Unsurprising, perhaps, when it is said of the Hindu and Sufi Muslim tradition from which Baul derives, that the music celebrates eternal love.
The Sufi tradition, of course, which celebrates and worships the Almighty through music and dance, is a natural partner of the great Hindu traditions of music and dance that also celebrates celestial influence. And in Bangladesh, those two great religions have long coexisted.. with the occasional, usually externally provoked, fraternal disagreement!
The music is generated on one, or two stringed simple lutes, or a curious single stringed instrument, together with a small drum, help between the knees, or in the crook of the arm. Small cymbals sometimes join the percussion, and, of course, the simple, haunting music of the bamboo flute that is ubiquitous in all Bangladeshi folk music.
The singers weave, and if not seated, weave in compulsive motion, as much dancing as singing.
The musicians traditionally wear saffron coloured robes, not so very unlike the gard of Buddhist monks.

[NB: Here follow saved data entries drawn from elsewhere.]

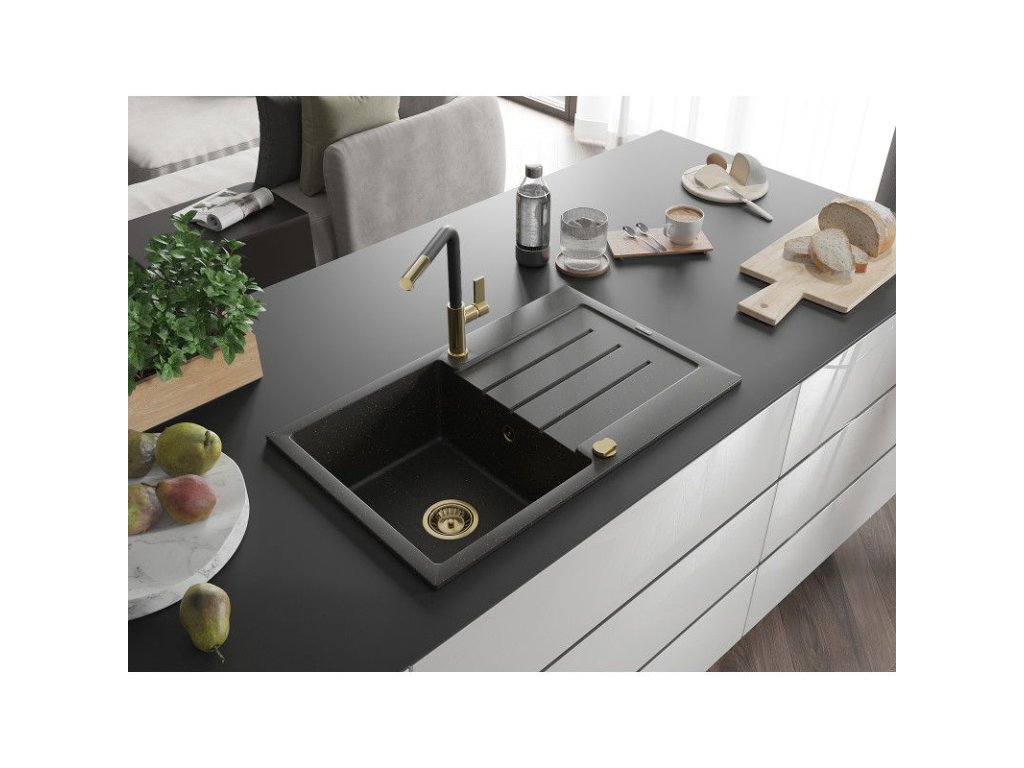 Granitový drez Mexen Bruno s 1 misou, odkapávačom a batériou Flora, čierna/zlatá metalíza - 6513-75-670401-57-G
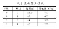 SEL1和SEL2為靈敏度選擇輸入引腳,對應(yīng)靈敏度的真值表如表1所示。加速度傳感器輸出電壓VOUT為:
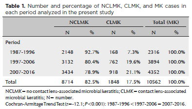 Métodos: Amostras de córnea de pacientes com diagnóstico clínico de ceratite microbiana (de janeiro de 1987 a dezembro de 2016) foram incluídas neste estudo. Resultados laboratoriais para culturas positivas para bactérias, fungos e Acanthamoeba spp. foram analisados retrospectivamente. Para verificar se o número de pacientes com ceratite microbiana associada à lente de contato, fator de risco para infecção microbiana, mudou ao longo do tempo, a análise foi dividida em três décadas: 1987-1996, 1997-2006 e 2007-2016. As informações incluindo o sexo do paciente, idade e tipo de organismo isolado foram comparadas entre os períodos. A análise estatística foi realizada no software SAS/STAT 9.3 e SPSS (v20.0).
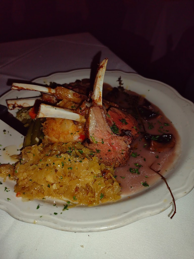 So as I write this review I feel embarrassed that it has taken me so long to visit this restaurant that has been in business for as long as I can remember. That being said, the meal at this establishment was one that I will remember for a long time. It also encourages me to return as soon as I can. Our visit began at the bar for our usual pre-dinner cocktails. My wife wanted me to make sure I mentioned the Serbian Old Fashioneds she enjoyed on our visit. She said they we were delicious. Our meal started with bread fresh out of the oven accompanied by 2 delicious homemade spreads. A creamy cheese spread and an eggplant and what seemed to be tomato spread. Both had amazing flavor and tasted great on the crusty bread. For starters we chose the Tomato and Roasted Red Pepper salad. Sprinkled with a soft cheese and topped with a light vinaigrette the salad, like the bread course was full of flavor. Our other starter was the Serbian Escargot. A generous portion of snails( like 12!!)in an incredible garlicky herbed butter. Some of the best escargot we’ve ever had. Grilled bread was served on the side and was used to sop up every last bit of the butter sauce. Both of our starters could have easily served 3 to 4 people. For entrees I chose the Raznjici/Chevapchichi combo off the Grill section of the menu. This is a combination of perfectly grilled pork tenderloin chunks and Serbian sausages both with great grill flavor well seasoned and juicy. On the side were diced raw onions, and feta cheese along with perfectly grilled medley of vegetables and some of if not theee best mashed potatoes I’ve ever had in a restaurant. Needless to say my plate was licked clean when I was done. My wife chose The Braised Spring Lamb which turned out to be a very large Lamb Shank. Fork tender and melt in your mouth. The lamb was well seasoned and perfectly cooked. It was joined by red and green braised cabbage, the fore mentioned mashed potatoes, a dumpling, rice, and mixed vegetables. A very large portion indeed. Except for the the dumpling which sadly was very plain and lacking flavor the entire dish was bursting with amazing flavors. We did not try dessert although there were several options to choose from. Service was friendly, professional, and well paced. Bathrooms were small but very clean. Parking was available behind the restaurant. Prices were very reasonable for the quality and quantity of food. Sadly my wife and I were 2 of only 13 people in the entire restaurant the whole night. This is a gem of a restaurant and more people should give them a visit when looking for some amazing ethnic food. Give them a try Milwaukee!!
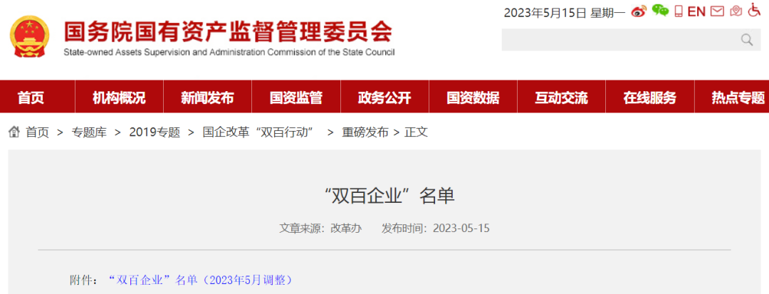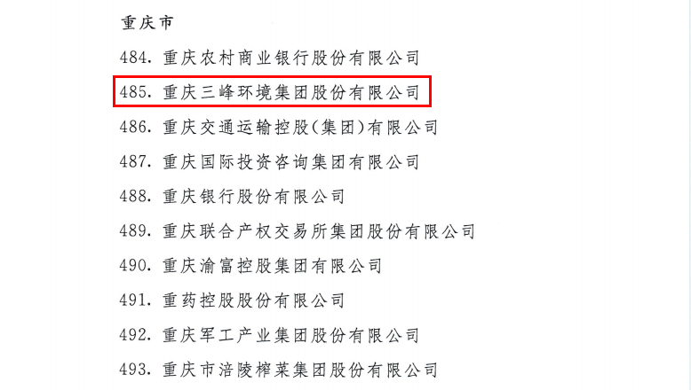 5月15日,国务院国资委发布“双百企业”名单,三峰环境集团再度上榜。
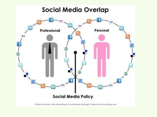 This document provides guidance on using social media for non-profit organizations. It discusses choosing target audiences on different social media platforms like Facebook, LinkedIn, and Twitter. It emphasizes defining goals and strategies for each channel and focusing content around problems and solutions. The document also cautions on legal issues like copyright and the importance of social media policies. Overall, it encourages non-profits to thoughtfully engage audiences on appropriate channels to further their missions.
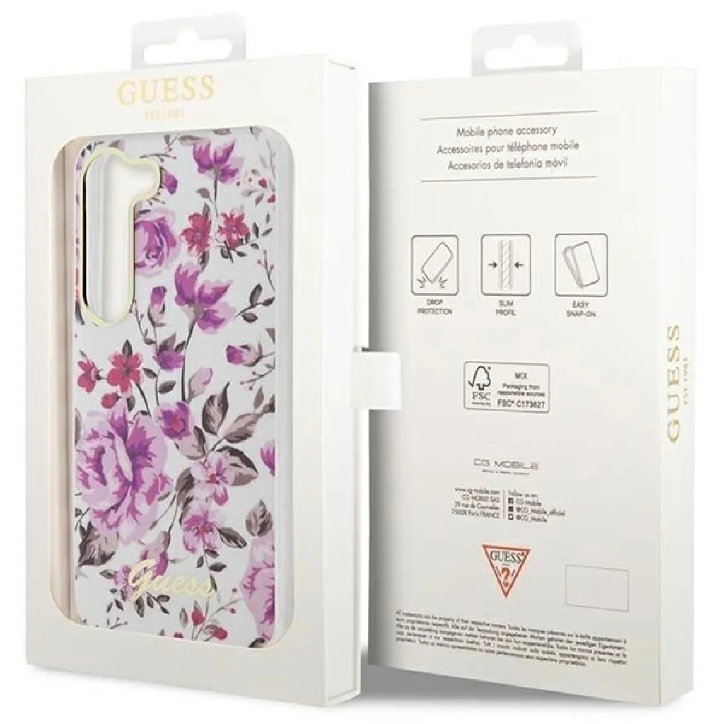 Guess GUHCS23SHCFWST S23 S911 fehér/fehér kemény tok Flower Collection tok
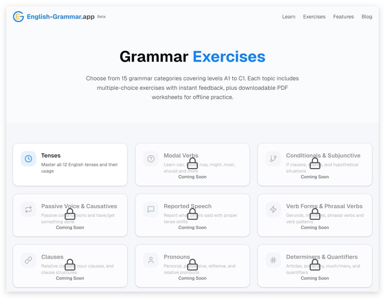 Free interactive grammar exercises for learners worldwide. Practice tenses, conditionals, modal verbs, and more with instant feedback.
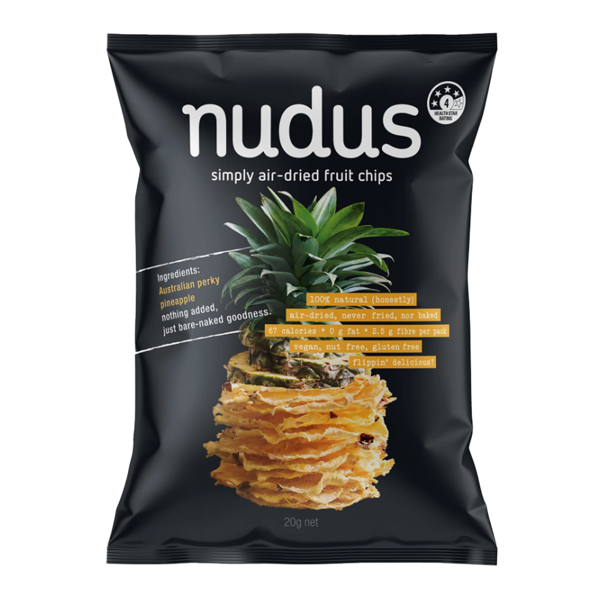 Nudus Pineapple Airdried Chips 20g: Enjoy guilt-free snacking with our deliciously crispy pineapple chips. Packed with natural sweetness and nutrients, these airdried chips are the perfect on-the-go treat for a healthy lifestyle. Try them now for a tropical burst of flavor in every bite!
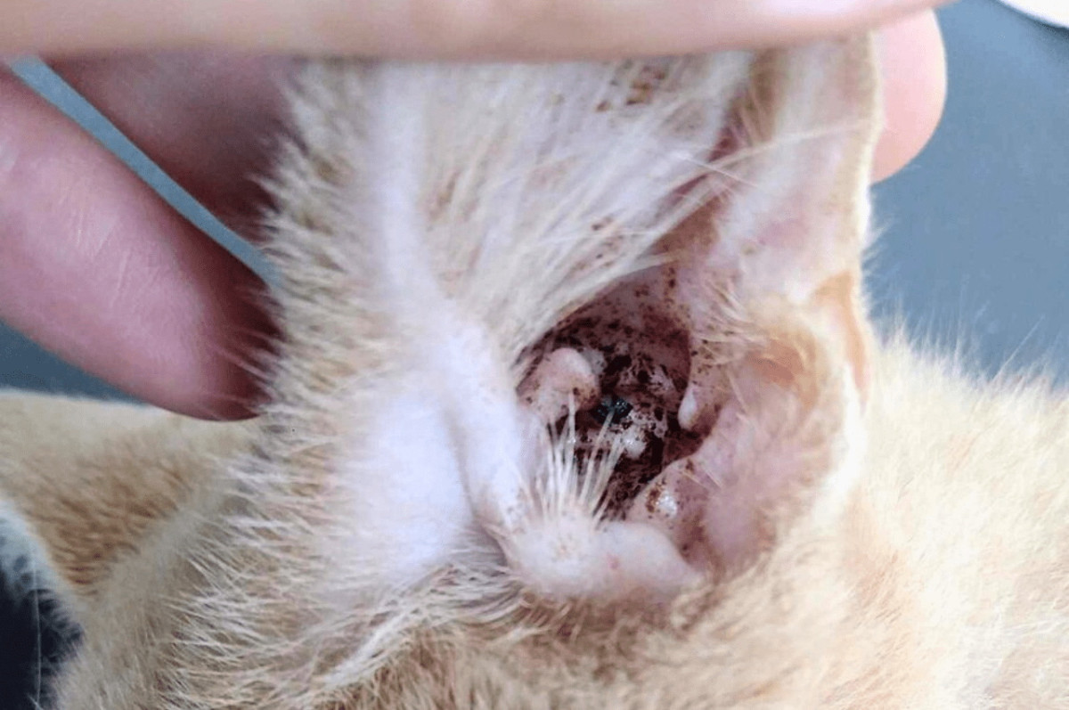 - Красновато-коричневые выделения из ушных раковин и корки в них — это самый яркий симптом заражения ушным клещом.

Immensely popular in Bangladeshi culture that remains close to the heritage of Nobel Laureate Tagore, and the rather earlier Lalon Shah, twice a year, to celebrate the birth of Lalon in March, and death in October (If the biography is to be believed he was 114 years old when he died!), great festivals are held in Kushtia, at which all comers find a welcome.. though finding shelter maybe a little harder! Perhaps something of a twice yearly Glastonbury?
Somehow, just an evening with friends and acouple of Baul artists seems more appealing.